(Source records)
------------------------------------------------
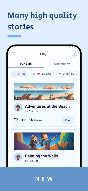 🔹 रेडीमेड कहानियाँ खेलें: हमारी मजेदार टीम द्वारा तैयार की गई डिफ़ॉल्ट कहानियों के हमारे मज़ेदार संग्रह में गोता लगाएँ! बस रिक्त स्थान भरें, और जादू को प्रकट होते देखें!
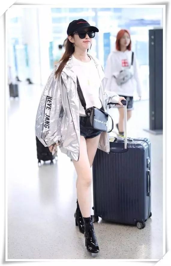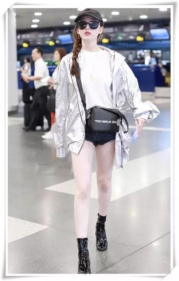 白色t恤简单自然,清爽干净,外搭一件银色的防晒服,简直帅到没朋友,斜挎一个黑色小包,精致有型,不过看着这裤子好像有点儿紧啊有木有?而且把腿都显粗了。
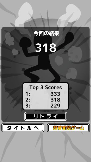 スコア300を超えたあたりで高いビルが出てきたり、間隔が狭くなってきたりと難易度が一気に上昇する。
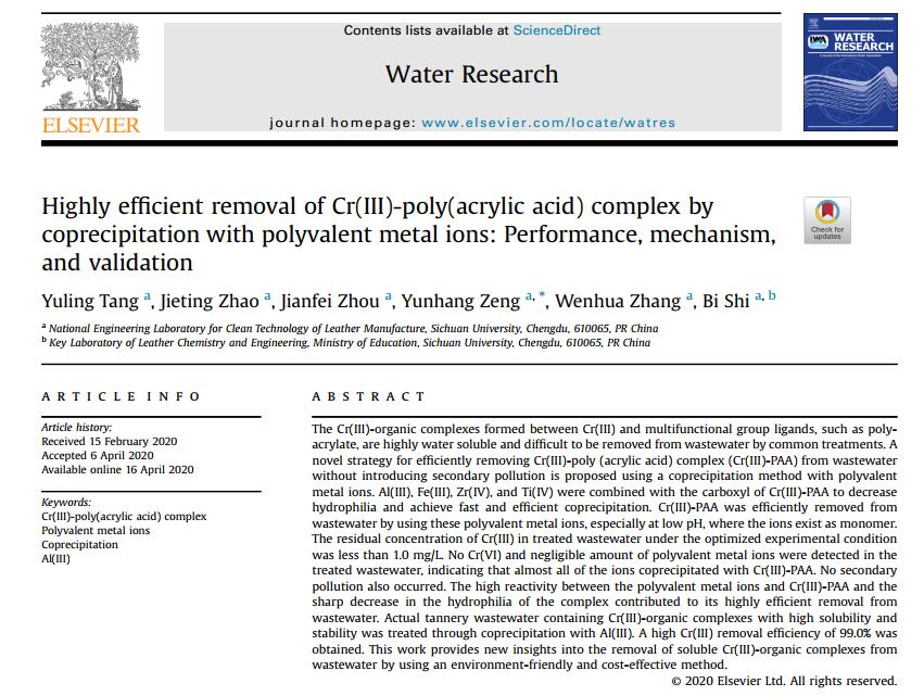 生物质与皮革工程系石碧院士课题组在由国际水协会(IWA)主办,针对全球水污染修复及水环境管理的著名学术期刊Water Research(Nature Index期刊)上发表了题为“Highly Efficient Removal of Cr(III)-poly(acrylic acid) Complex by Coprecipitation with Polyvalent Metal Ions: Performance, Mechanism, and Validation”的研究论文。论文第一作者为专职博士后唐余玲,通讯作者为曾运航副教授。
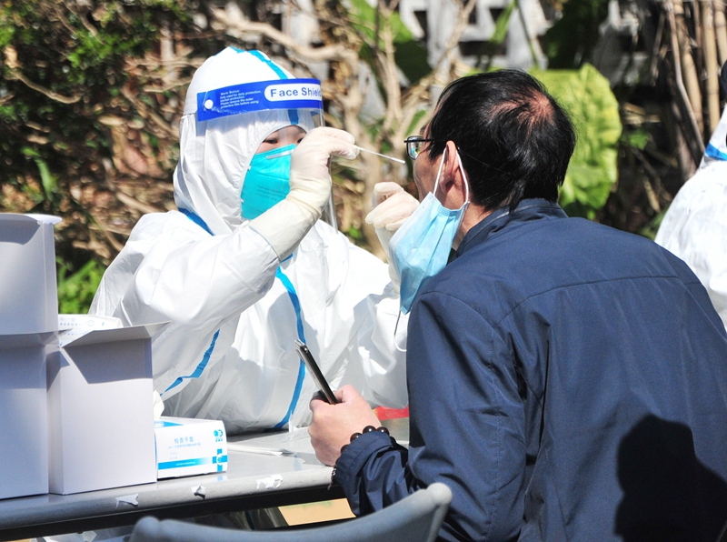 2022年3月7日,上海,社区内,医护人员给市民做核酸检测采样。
------------------------------------------------
### TO DO
Write out each line exactly, from the one containing "Efficient Removal of" through the end of the entries, and skip the pictures.

### RESPONSE FOR THIS EXERCISE
 生物质与皮革工程系石碧院士课题组在由国际水协会(IWA)主办,针对全球水污染修复及水环境管理的著名学术期刊Water Research(Nature Index期刊)上发表了题为“Highly Efficient Removal of Cr(III)-poly(acrylic acid) Complex by Coprecipitation with Polyvalent Metal Ions: Performance, Mechanism, and Validation”的研究论文。论文第一作者为专职博士后唐余玲,通讯作者为曾运航副教授。
 2022年3月7日,上海,社区内,医护人员给市民做核酸检测采样。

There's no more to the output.